Wednesday, April 27, 2011

What It Takes to Be Toughest Bank Regulator

Bloomberg ran an article in which Sweden's central bank Governor took the position that sometimes regulators have to take actions that the banks do not like.

With an attitude like that, he is a likely candidate to require banks to provide current asset and liability-level disclosure.  This requirement would greatly improve the stability of the Swedish financial system as it subjects the banks to market discipline. By making all the useful, relevant information on the banks available, market participants can exert discipline by adjusting the price and amount of their exposure based on the risk of the banks.

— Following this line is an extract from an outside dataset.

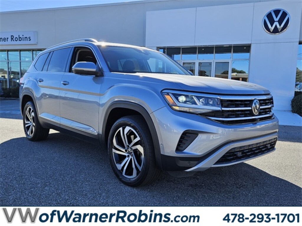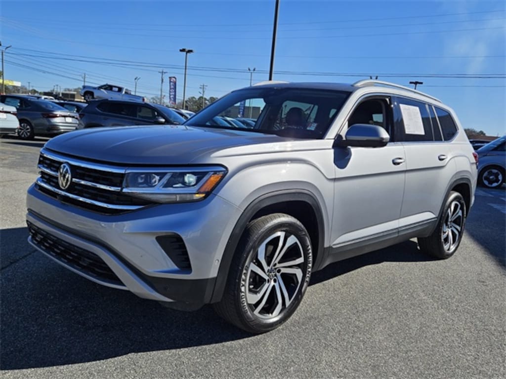 Pyrite Silver Metallic 2021 Volkswagen Atlas 2.0T SEL Premium AWD 8-Speed Automatic with Tiptronic 2.0L TSI This Atlas is equipped with. 12 Speakers, 3.60 Axle Ratio, 3rd row seats: split-bench, 4-Wheel Disc Brakes, ABS brakes, Air Conditioning, Alloy wheels, Auto High-beam Headlights, Auto-dimming Rear-View mirror, Automatic temperature control, Brake assist, Bumpers: body-color, Compass, Delay-off headlights, Driver door bin, Driver vanity mirror, Dual front impact airbags, Dual front side impact airbags, Electronic Stability Control, Emergency communication system: VW Car-Net services (capabilities require enrollment or subscription), Four wheel independent suspension, Front anti-roll bar, Front Bucket Seats, Front Center Armrest, Front dual zone A/C, Front fog lights, Front reading lights, Fully automatic headlights, Heated door mirrors, Heated front seats, Heated rear seats, Heated steering wheel, Htd/Actively Ventilated Comfort Front Sport Seats, Illuminated entry, Leather Shift Knob, Low tire pressure warning, Memory seat, Navigation System, Occupant sensing airbag, Outside temperature display, Overhead airbag, Overhead console, Panic alarm, Passenger door bin, Passenger vanity mirror, Perforated Vienna Leather Seating Surfaces, Power door mirrors, Power driver seat, Power Liftgate, Power moonroof, Power passenger seat, Power steering, Power windows, Radio data system, Rain sensing wipers, Rear air conditioning, Rear anti-roll bar, Rear audio controls, Rear reading lights, Rear seat center armrest, Rear window defroster, Rear window wiper, Remote keyless entry, Roof rack: rails only, Security system, Speed control, Speed-sensing steering, Split folding rear seat, Spoiler, Standard Suspension, Steering wheel mounted audio controls, Tachometer, Telescoping steering wheel, Tilt steering wheel, Traction control, Trip computer, Turn signal indicator mirrors, Variably intermittent wipers, Ventilated front seats, Wheels: 20" 5-Spoke 2-Tone Machined Alloy.

While adopting this requirement would be good for protecting the Swedish taxpayer, it would clearly be a requirement that the banks would not like.
Sweden must be ready to impose harsher bank rules than in the rest of Scandinavia even after its biggest lender signaled it may move its headquarters outside the Nordic country, central bank Governor Stefan Ingves said. 
“Harmony is a good thing but in the end, given that it’s the public purse that backs up the banking sector and as long as it remains like that, it’s going to be up to each individual country to choose what to do,” Ingves, 57, said in an interview in Stockholm. 
Ingves, who was one of the main architects of Sweden’s 1990s bank restructuring that led to the creation of Nordea Bank AB (NDA), said larger capital buffers will help the government safeguard taxpayer funds.
It is true by definition that increasing the amount of capital reduces the theoretical exposure of taxpayers and safeguards their funds.  However, since the beginning of the credit crisis, this has not been true in practice.

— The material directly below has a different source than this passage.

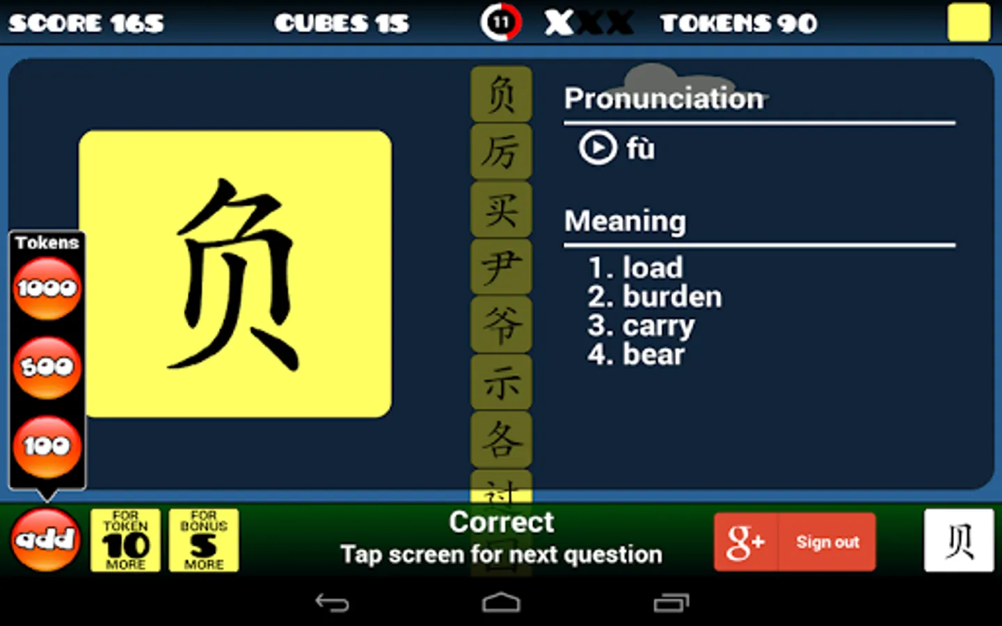 Post your scores online to compare with your circle of friends or the global leader-board but most of all have fun learning chinese characters.

A requirement for capital to protect the taxpayers is that regulators require that losses in the banking system be absorbed first by the capital in the banking system before turning to the taxpayers.
 Nordea Chairman Bjoern Wahlroos’ suggestion this month that he may shift the bank’s headquarters to escape tougher capital rules is the latest threat from Sweden’s financial sector it will fight policy maker efforts to enforce some of the world’s strictest regulatory standards.
“We know how much a banking crisis costs and how troublesome it is to solve,” Ingves told Bloomberg today. “It’s not in the interest of society to in some sense have a race to the bottom when it comes to capital coverage.” 
That is why Sweden should adopt current asset and liability level disclosure for its financial institutions.  At very, very low cost, this disclosure works to prevent a banking crisis.

Unlike capital, this disclosure also involves a a race to the top among regulators.  After all, what country is going to allow a financial institution to move to it when the reason for moving is not to disclose the risk the financial institution is taking?